REPORT BY UNIVERSITY OF HAWAII ECONOMIC RESEARCH ORGANIZATION – Sept. 2, 2011
Against a backdrop of local slowing and deteriorating conditions in the U.S. and global economy, Hawaii will see only modest growth in 2012. The strongest part of the tourism recovery is now behind us, and further industry gains will be more incremental.
Job growth will continue to occur in many areas of the economy, but not at a pace that will rapidly alleviate unemployment. Somewhat better, but still measured, growth will occur in 2013-2014. While we are not forecasting a U.S. recession, American economic and political conditions represent a substantial downside risk for Hawaii.
Conditions have weakened across much of the developed world. The DC debt debacle and market gyrations have dealt a blow to confidence on top of the fundamental US challenges of a private debt overhang, a moribund construction industry, and a looming fiscal contraction.
We anticipate very weak U.S, growth in the near term with only moderate strengthening in 2012-2013.
In Japan, the Great East Japan Earthquake inflicted considerable economic damage, including direct losses of output, disruptions to supply chains, and destruction of infrastructure. Largely on the strength of government reconstruction spending, we expect Japanese GDP growth to turn positive in the current quarter.
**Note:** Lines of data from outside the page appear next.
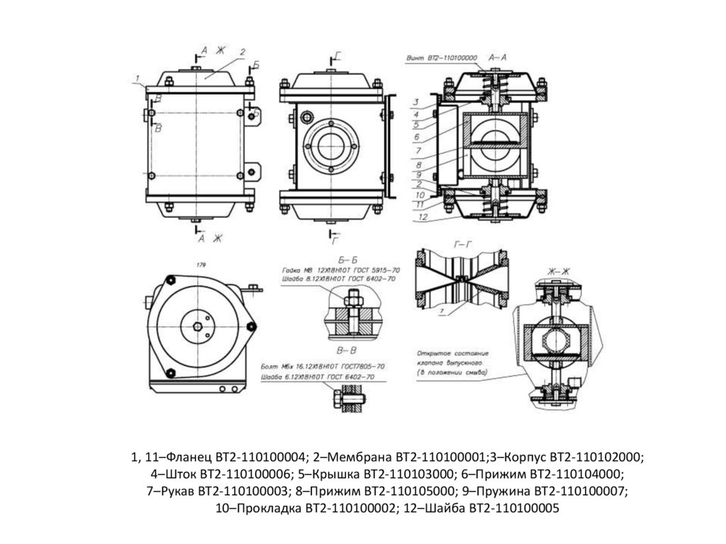 1, 11–Фланец ВТ2-110100004; 2–Мембрана ВТ2-110100001;3–Корпус ВТ2-110102000;4–Шток ВТ2-110100006; 5–Крышка ВТ2-110103000; 6–Прижим ВТ2-110104000;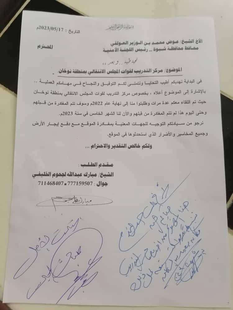 جدد أهالي وسكان منطقة "نوخان" التابعة لمديرية عتق بمحافظة شبوة، مناشدتهم لمحافظ المحافظة ورئيس اللجنة الأمنية، الشيخ عوض محمد بن الوزير، بضرورة التدخل العاجل لنقل معسكر اللواء الخامس من أطراف منطقتهم السكنية.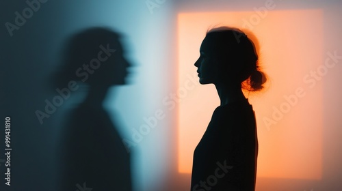Silhouette of a Woman in Front of a Mirror Reflection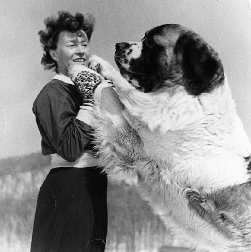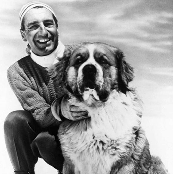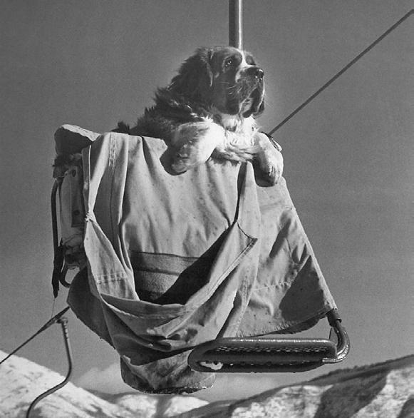 Bingo was one of the most loved dogs in Aspen and could be seen most anytime on the sidewalk in front of the Hotel Jerome or at the Ski School meeting place lazing patiently on the snow waiting for master, Fred Iselin, or mistress, Elli Iselin, to appear. Bingo appeared in movies and you have likely seen the photo of him riding up Chair One. (Excerpt from Aspen Times).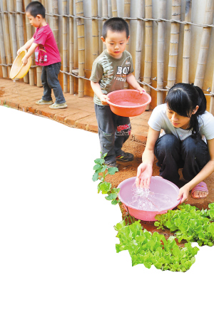| 在家庭互助教育室前,老师与孩子们给菜地浇水。 |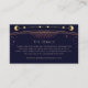 Mystique Arc en ciel bleu marine foncé Détails Mariage Sun Moon Stars Astronomie Galaxie céleste Mariage cosmique Les cartes de boîtier présentent un arc-en-ciel couleur soleil, lune et étoiles cadre sur un arrière - plan bleu marine foncé. Ajoutez la carte de boîtier à votre suite d'invitations pour informer les clients des informations essentielles dont ils auront besoin pour naviguer en toute transparence dans votre journée spéciale. Détails importants tels que l'itinéraire du lieu, l'information sur l'hébergement, les cérémonies et l'information sur la réception. Customisez à vos besoins. Conçu pour vous par Evco Studio. Afficher www.zazzle.com/store/evcostudio pour plus de produits dans cette collection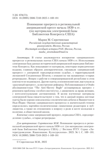 В статье анализируется восприятие «американского прогресса» в региональных газетах США начала 1850-х гг. Использована электронная база данных исторической американской периодики Библиотеки Конгресса. Как показывают ее материалы, некоторые периодические издания, главным образом демократические, связывали «американский прогресс» с доктриной «предопределения судьбы», с территориальной экспансией Соединенных Штатов, с атаками на так называемых «старых ретроградов». Вопрос о рабстве в североамериканской республике в этом контексте не поднимался. Другие газеты, в основном вигские, выступали за «разумный прогресс», за внутренние реформы. Публиковавшаяся в Огайо аболиционистская “The Anti-Slavery Bugle” ассоциировала прогресс с решением проблемы «особого института», с движением за права женщин, с интеллектуальными достижениями. В целом изученные материалы электронной базы свидетельствуют о том, что в данный период местные газеты были хорошо осведомлены о политических дебатах в Вашингтоне и Нью-Йорке. Оценки «американского прогресса» в значительной степени определялись партийно-политическими симпатиями редакторов и публицистов, а также их отношением к вопросу о роли и месте молодежи в политике, в общественной жизни.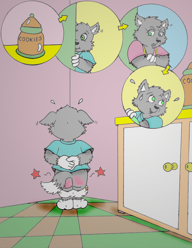 i lift up your shirt and your tummy again and i untape your diaper and use it to wipe you down then i gently lift your legs tickling your feet just a lil bit to see you giggle and i slide the wet diaper from underneath your bottom i use a wipe to clean your lower area then i put the clean diaper underneath you powder you up and tape your diaper there you go ^.^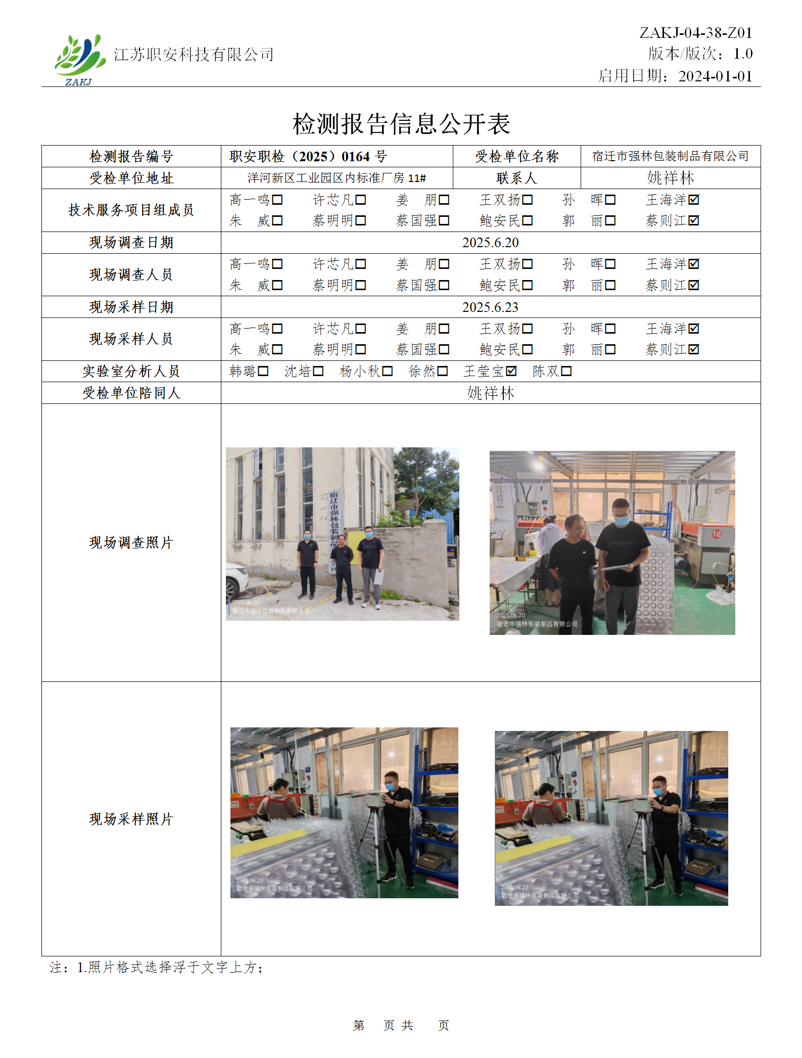 檢測報告公示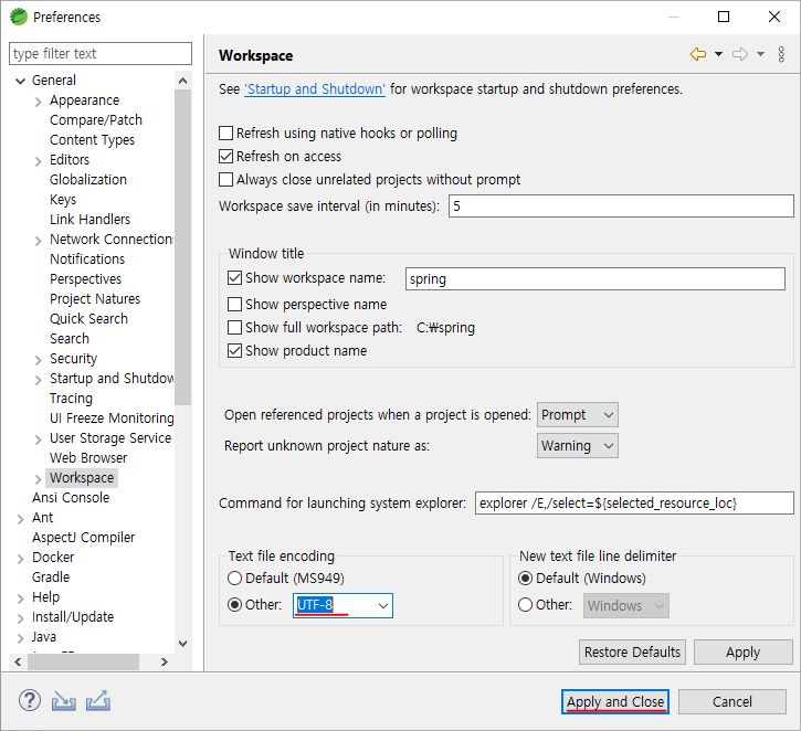 Preferences → Workspace → Text file encoding → Other: UTF-8 →Apply and Close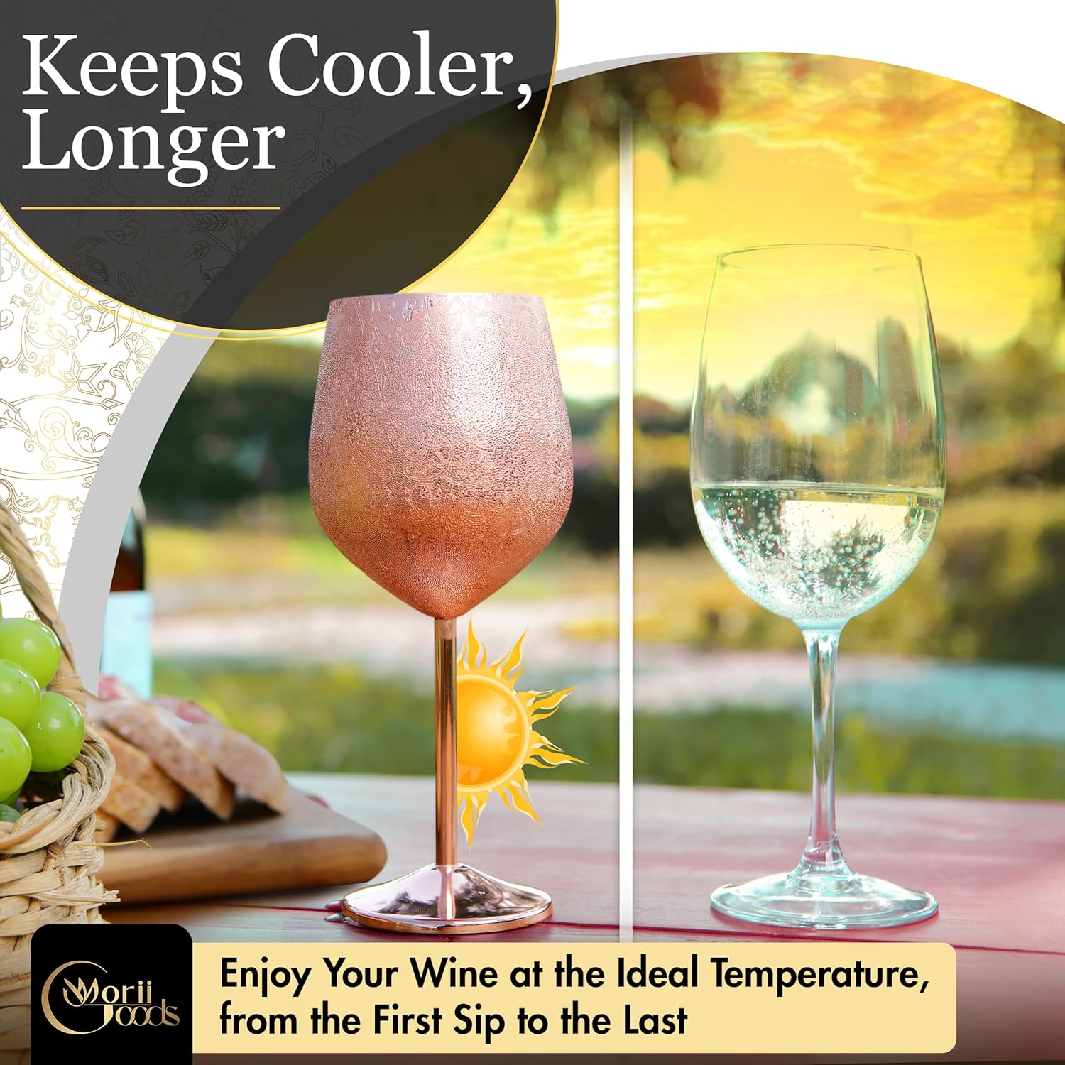 - KEEPS WINE COLDER LONGER - Enjoy your wine at the perfect temperature for extended periods. The stainless steel wine glasses keep your wine colder for longer, enhancing your drinking experience.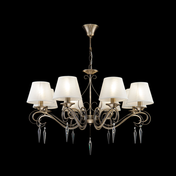 Абажуры сделаны из полупрозрачной ткани цвета «шампань», которая сочетается с цветом арматуры (бронза). Благодаря жаккардовому рисунку на абажурах создается иллюзия перламутра или легкой дымки. Светильники украшены изящными вытянутыми подвесками.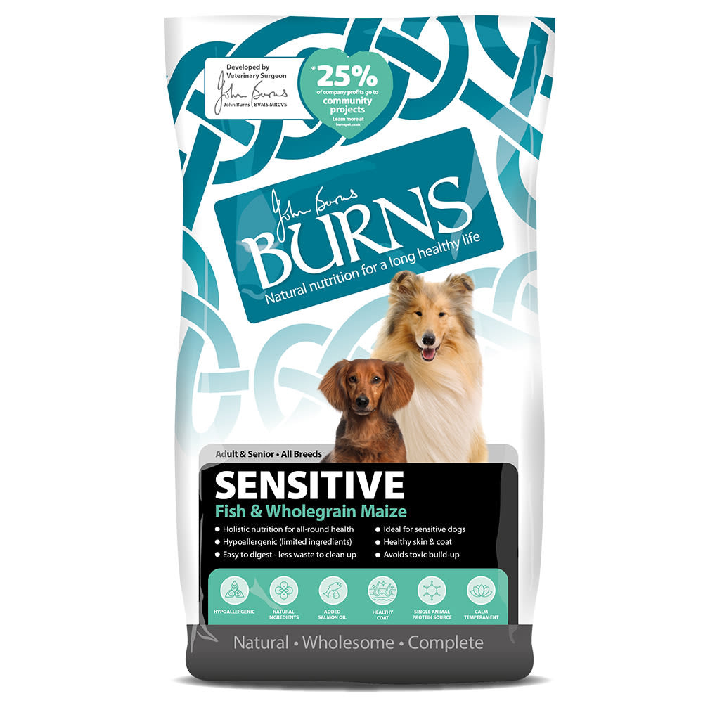 Made with a novel carbohydrate source and high-quality, highly digestible fish protein, Sensitive Fish is ideal for dogs with sensitive skin and digestion. Formulated without ingredients that commonly cause food intolerances such as wheat, soya, dairy, artificial colours and artificial preservatives, this Sensitive diet naturally helps to maintain healthy skin and coat and digestion. Wholegrain Maize is a novel carbohydrate, it is highly digestible and a great source of Omega 6 fatty acids.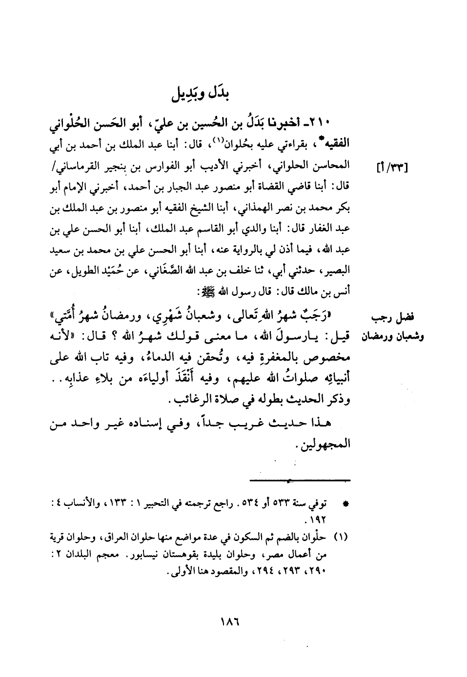 210- أخبرنا بدل بن الحسين بن علي أبو الحسن الحلواني الفقيه بقراءتي عليه بحلوان قال أبنا عبد الملك بن أحمد بن أبي المحاسن الحلواني أخبرني الأديب أبو الفوارس بن بنجير القرماساني قال أبنا قاضي القضاة أبو منصور عبد الجبار بن أحمد أخبرني الإمام أبو بكر محمد بن نصر الهمذاني أبنا الشيخ الفقيه أبو منصور بن عبد الملك بن عبد الغفار قال أبنا والدي أبو القاسم عبد الملك أبنا أبو الحسن علي بن عبد الله فيما أذن لي بالرواية عنه أبنا أبو الحسن علي بن محمد بن سعيد البصير حدثني أبي ثنا خلف بن عبد الله الصغاني عن حميد الطويل عن أنس بن مالك قال قال رسول الله صلى الله عليه وسلم: رجب شهر الله تعالى وشعبان شهري ورمضان شهر أمتي. قيل يا رسول الله ما معنى قولك شهر الله قال: لأنه مخصوص بالمغفرة فيه وتحقن فيه الدماء وفيه تاب الله على أنبيائه صلوات الله عليهم وفيه أنقذ أولياءه من بلاء عذابه.. وذكر الحديث بطوله في صلاة الرغائب.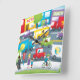 Künstler: Marcus Cutler | Veranschaulichung einer belebten Stadt- und Bushaltestelle mit Fußgängern und Autos, LKW und Läden und einem Jungen auf dem Fahrrad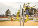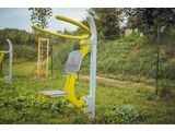 Scaunul și spătarul sunt realizate din aluminiu și acoperite cu polietilenă HDPE (polietilenă complet colorată, de înaltă densitate, caracterizată printr-o stabilitate ridicată a culorilor și rezistență la radiațiile UV). Mânerele sunt realizate din tuburi de oțel vopsite în câmp electrostatic. Coloana de susținere este realizată dintr-un tub de oțel cu o flanșă de montare la bază. Cadrul scaunului şi locul pentru pus piciorul sunt realizate din tablă metalică vopsită în câmp electrostatic. Se utilizează rulmenți pentru conexiunile mobile. Orificiile sunt etanșate cu elemente din oțel la capete. Toate elementele de fixare sunt inoxidabile.

The debt crisis in Europe has gone from bad to worse, contributing to a generally weaker global environment and posing systemic risks that could affect US financial institutions.
There has been a generalized slowing of local economic activity in recent months, paralleling to some extent developments in the US and global economies.
After a strong increase in the second half of last year, visitor numbers have dropped back somewhat. While the Japanese quake explains part of this, US arrivals have also fallen. Economic slowing extends to the labor market, where statewide job counts drifted down from January to June and the unemployment rate has stagnated at 6.0-6.1%.
Despite the weakness of recent months, the visitor industry has made significant strides since the dark days of 2008-2009. Further gains will be constrained by global weakness.
We expect less than 1% growth in the American market in 2012 and only modest additions thereafter.
Japanese arrivals will bounce back more than 5% next year, but this reflects rebound from very low post-quake numbers.
Visitors from countries other than the US and Japan will continue to be a bright spot, rising 16% this year and averaging roughly 5% annual growth over the next three years.
After a 1.7% rise this year, total arrivals will expand by just over 2% annually in each of the next three years.
With some decline in the length of stay, the total number of visitor days in Hawaii will edge up just 0.8% in 2012.
Nominal visitor spending growth will decelerate sharply from this year's strong 10.2% pace to 4.4% growth in 2012. While global economic conditions will be a challenge, there are several promising developments for Hawaii tourism, including the opening of the Disney Aulani resort, the first regularly scheduled flights from China, and the APEC conference coming up in November.
Near-term prospects for construction remain limited. Permits for private residential and commercial development are weak, and budgetary pressures will hamper public works spending.
We still expect a substantial boost from Oahu rail mass transit by 2012, although the likelihood of delays related to pending legal challenges is unknown. Overall construction activity in the Islands will begin to turn up this year and post an employment gain of about 5% in 2012. This reflects an upturn on Oahu, which has already begun to show year-on-year gains; Neighbor Island construction will continue to shed jobs well into next year.
As anticipated, the past year has brought some broadening out of employment gains from tourism to other sectors of the local economy. In 2012, low-to moderate job growth of 1.1-1.7% will be seen in most sectors of the local economy. The government sector - federal, state and local - will be the biggest drag on local job growth. The aggregate job base will expand 1.5%, and the unemployment rate will average 5.5%.
Federal government programs have helped to stabilize local income during a period of declining or weak growth in labor income since 2008. This year, the payroll tax holiday will contribute to a projected 1.2% rise in real personal income. The expiration of this cut will cause sharply lower income growth of just 0.7% in 2012.
Gradually strengthening job growth and moderating inflationary pressures will facilitate a gradual recovery of real income over the 2013-2014 period.
While we expect Hawaii's recovery to continue in 2012, there is a significant risk that things will turn out much worse. Our view is that the US will avoid an outright recession, but clearly the risk has gone up substantially in just the past few months. Too bad that much of this is self-inflicted by a US congress that at best is placing principle over pragmatism, and at worst is interested only in short-term partisan gain regardless of the cost.
In any event, the potential damage to an economy already saddled with 9%-plus unemployment is substantial. Given the recovery's precarious state, Congress and the President may well hold the key to whether we tip into recession, both in whether they can prevent crippling near-term budget cuts and in how they go about the negotiations.